America’s Got Talent’s Quintavious Johnson sings “To God be the Glory” at the 12th annual Juneteenth Celebration hosted by The African American Heritage Society at the McLemore House Museum in Franklin, Tenn., Saturday, June 17, 2017.
Josie Norris / The Tennessean
FRANKLIN — Four women sat on the porch of the storied McLemore House on 11th Avenue North in Franklin Friday as historian Tina Jones recounted the life of Freeman Thomas in his own words.
Thomas, a slave in Franklin who was freed following the Emancipation Proclamation and later served in the Union Army, told his story to interviewers in the early 1900s.
This was his firsthand testimony.
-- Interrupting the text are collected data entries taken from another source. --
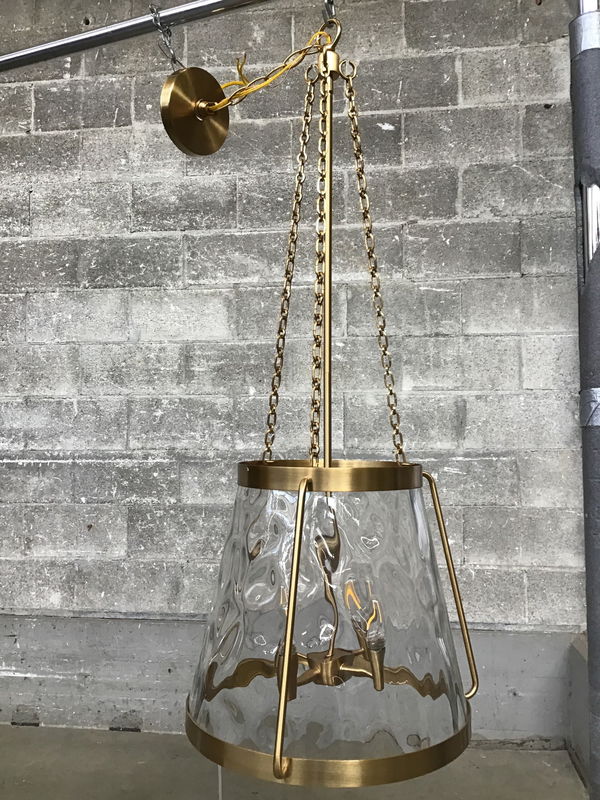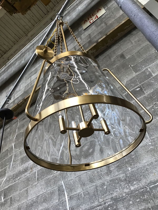 A funky li'l pendant fixture that uses four candlestick style bulbs, surrounded by what looks like a lampshade made of clear water glass with a warm brass finish to its steel construction. This pendant was produced by Savoy House, where it currently retails new for about $440.
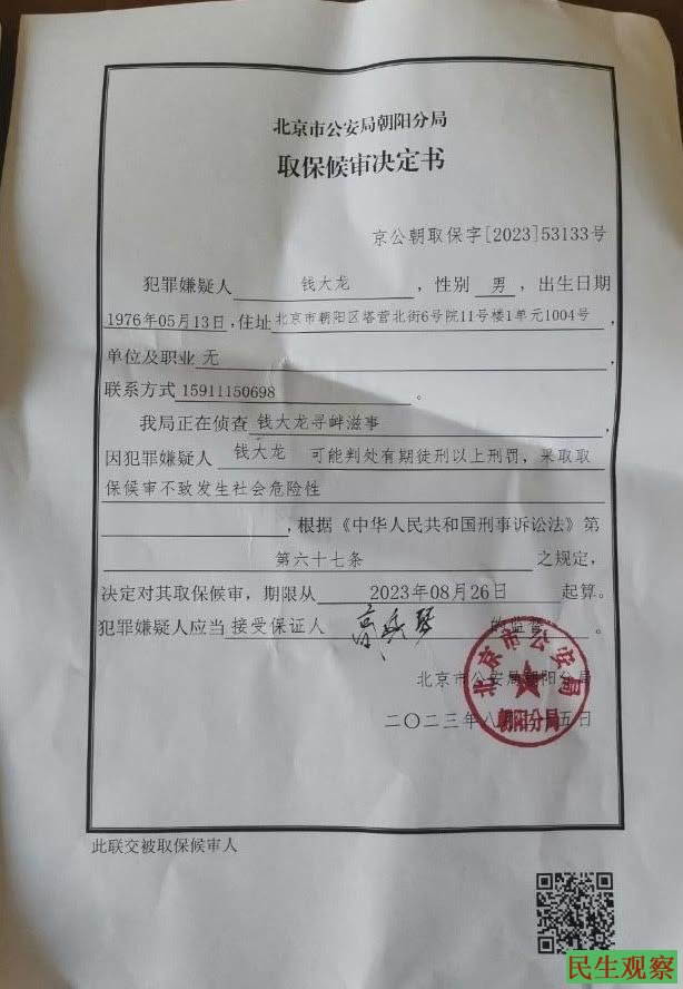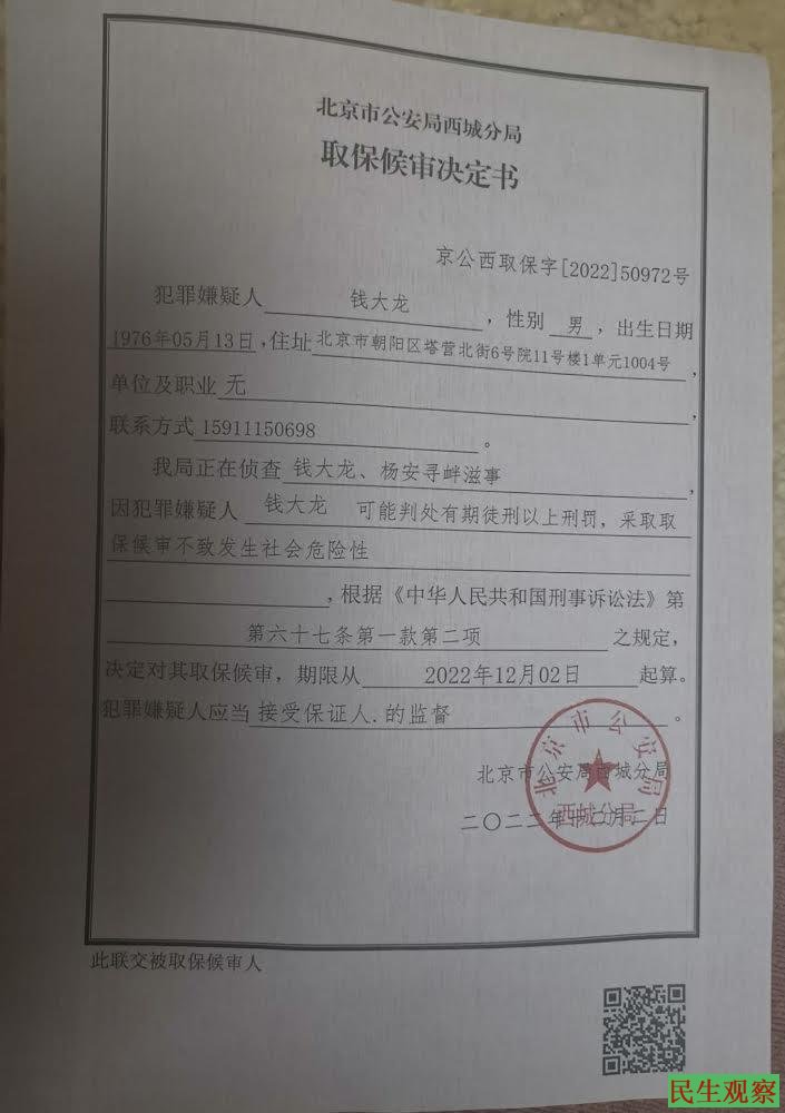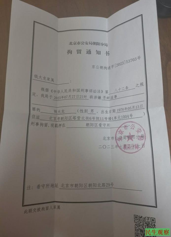 近日,中国新冠疫苗受害吹哨人之一的北京朝阳区居民钱大龙在社交媒体爆出,因揭露新冠疫苗致死、致病、致残维权被打压迫害两次刑拘取保,因病残无法正常工作,缺医少药,生活极度困难,北京市政府对疫苗受害解决问题只会推诿扯皮、打压迫害、禁止发声,只因为在微信群聊天就把一个残疾人刑拘一个月取保候审限制人身自由两年。马上面临两会维稳又要被警察24小时上岗限制人身自由,他说欢迎两会期间人大代表、政协委员、记者朋友们上门走访,观摩一下疫苗受害者如何在这种社会高压环境下生存的!
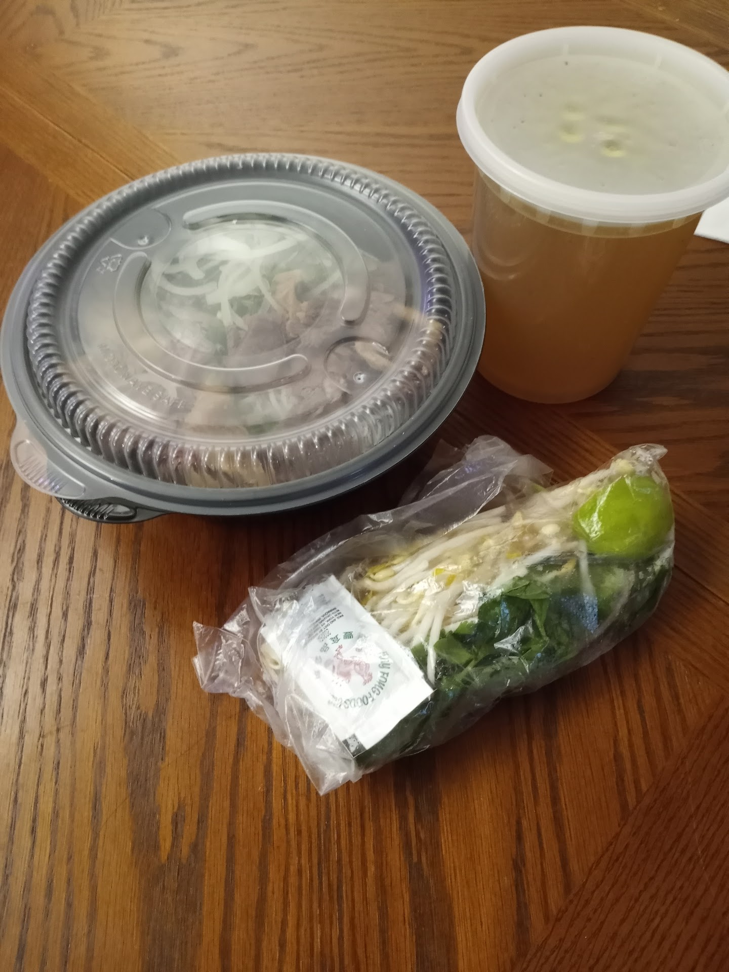 Food was good. The pho broth was robust and flavorful, not overly sweet like how Iâve noticed with other restaurants which I appreciate. Our pho came with thick fresh noodles (banh pho tuoi) which my husband and I personally donât like in general- especially this specific preparation since it was on the mushier side and was breaking apart in the broth. We always go for the regular thin noodles and were surprised when the pho arrived because our server never mentioned anything about the thick noodles. Iâm unsure if they only use the thick fresh noodles here, or if there was an option to pick between that and the regular noodle, but our server never gave us the option to choose? Aside from that, the bowl was on the smaller side portion-wise compared to other restaurants, but reasonable for the price. The vege portion included bean sprouts, green pepper, and Thai basil which was also on the smaller portion size, but seemed fresh. I got the Vietnamese shaken beef (Bo luc lac) with egg noodles. I enjoyed how it came with some mushroom (I think it was seafood mushrooms?) and bell peppers. The egg noodles has a wonderful firm texture and was coated nicely in the brown sauce. The beef was very tender, however the cuts werenât very uniform. It also lacked the âwok heiâ charred sort of flavor I usually enjoy with Bo luc lac. But it was generally seasoned well. I wish the noodles also came with the side of salt pepper lime like the rice version does, though.

Unlike the words of a historian or pictures shown in a museum, they were intimate, and sitting on the porch of the historic home it was as though the listeners too were transported, taking in this man’s sorrows and even his occasional joys.
Somehow the “old folks,” meaning the older slaves, knew that they were going to be free, Freeman said, and that they even sang songs about it when the last generation of slaves just thought it was a dream.
“That just says so much to their faith,” said Jenny Peach as she listened. “They knew they were going to be free.”
Alma McLemore, president of the African American Heritage Society which has partnered with the Tennessee Civil War National Heritage Area for a new exhibit on Harvey McLemore, the home’s original owner and also a freed slave, said this was the kind of experience she wants for visitors to this house turned African-American history museum.
A step inside and one is transported through history as well, from the furniture and decorations to panels that depict the journey of local African-Americans who have made substantial contributions advancing the causes of freedom and equality.
“We want people to come through this museum and to see the other histories of these incredible people,” said McLemore, a distant relative of the man for which the museum is named. “Harvey McLemore was freed and then purchased this land and built this home after more than three decades of slavery and here we stand. Williamson County was built on the backs of slaves and this house is a testament to those people.”
The museum is open on Friday’s from 10 a.m. to 2 p.m. and admission is $10 for adults and $5 for children.